·The import tariff reduction of auto parts has limited impact

In response to the tariff reduction of auto parts, a number of listed companies responded through an interactive platform for investor relations. Dongpu shares said that the country's reduction of import tariffs on complete vehicles and parts has no impact on the company; Baolong Technology said that tariff reduction has no direct impact on the company, and the resolution of related matters is conducive to the company's business in North America; Wolong According to Electric, the decline in import tariffs has no significant impact on the company's performance; Precision Forging Technology said that at present, the company's products exceed 20% of exports, indicating that the company's products have strong competitiveness, and the relevant tax rate policy has little impact.

BOC International said that the tax rate will be reduced to 6%, and the import cost of most parts and components is expected to decrease by 3.6%. In 2017, China's main imported auto parts include: gearboxes and their parts, engine parts, automotive lighting and signal devices, and automotive electronics.
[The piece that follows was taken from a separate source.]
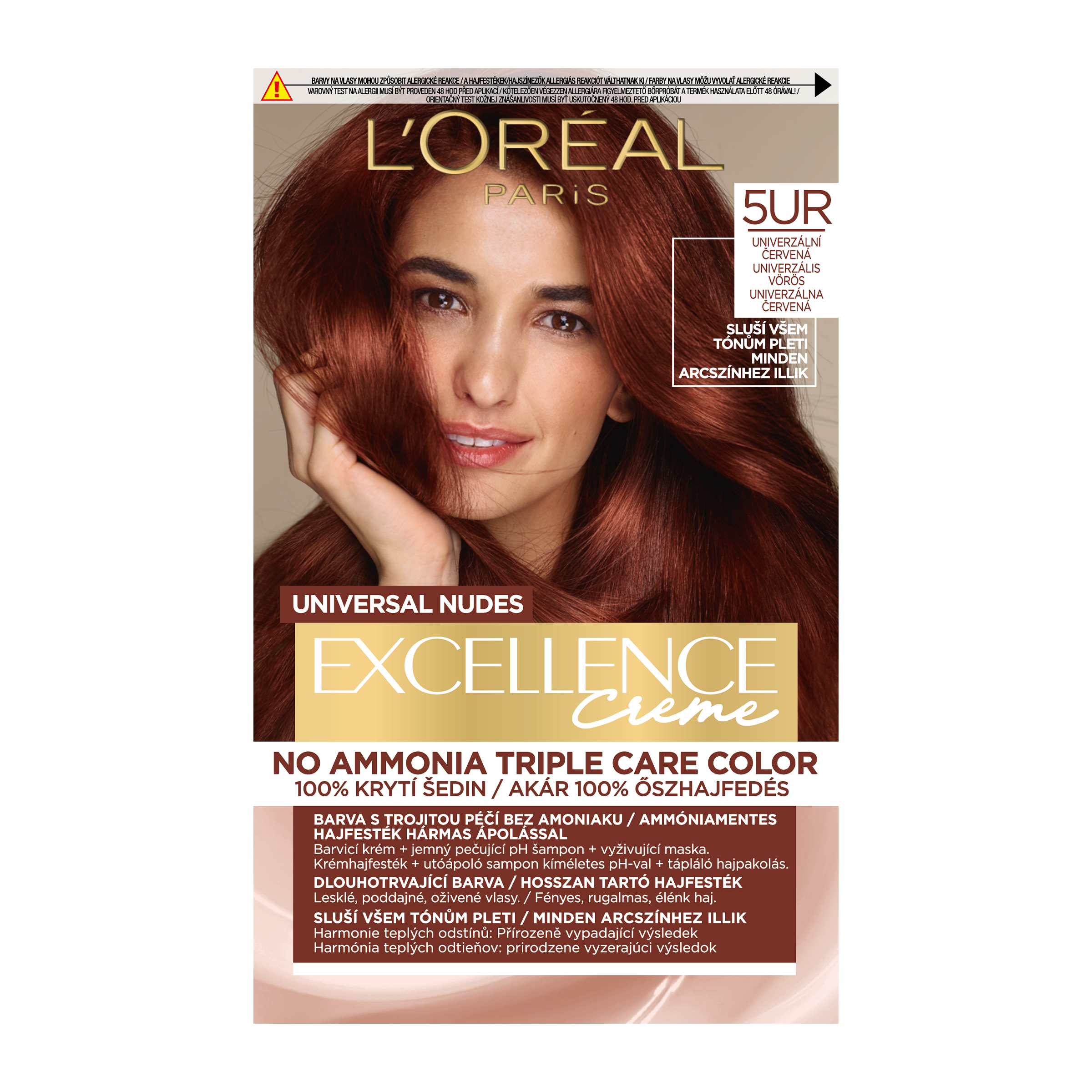 Intenzivní permanentní barva ve složení bez amoniaku, obohacené o ochranné složky. L'Oréal Paris Excellence přichází s rituálem barvení s trojí ochranou, který se stará o vaši barvu, pokožku hlavy i o vaše vlasy.To vše díky pečujícímu barvicímu krému, jemnému pečujícímu pH šamponu a vyživující masce. Vaše vlasy zanechá hladké a plné lesku s přirozeně vypadající barvou. Kryje až 100 % šedin. Excellence Nudes Copper navíc přináší odraz UR, který unikátně spojuje delikátní teplé odstíny pro barevný výsledek, který je harmonický s každým typem pleti a vypadá přirozeně*. *Testováno na přirozených kombinacích barvy vlasů a tónů pleti dle vědeckých publikací.

The reporter learned from a number of listed companies involved in gearboxes, engine parts and automotive electronics business that the impact of tariff cuts on the business is not obvious.

A car analyst at a medium-sized brokerage said that tariff cuts have little impact on domestic component manufacturers because most of the auto parts have been localized, and only a few key components rely on imports. Domestically produced auto parts are at the mid-end, and imported auto parts are mainly high-end, belonging to different categories of competition.

Huatai Securities said that according to the data of China Merchants Research Institute, the total import value of China's auto parts in 2017 was about 37 billion US dollars. It can be estimated that the imported parts and components account for about 9% of the average material cost of the whole vehicle, that is, the proportion of domestically produced parts and components. About 91%.

CICC believes that for most parts and components, the decline in tariff rates cannot compensate for the increase in freight and insurance costs, so it still does not have import economy. The OEM will try to require the parts and components enterprises to set up factories nearby. The use of imported parts will lengthen the supply cycle and there is a risk of affecting the production schedule.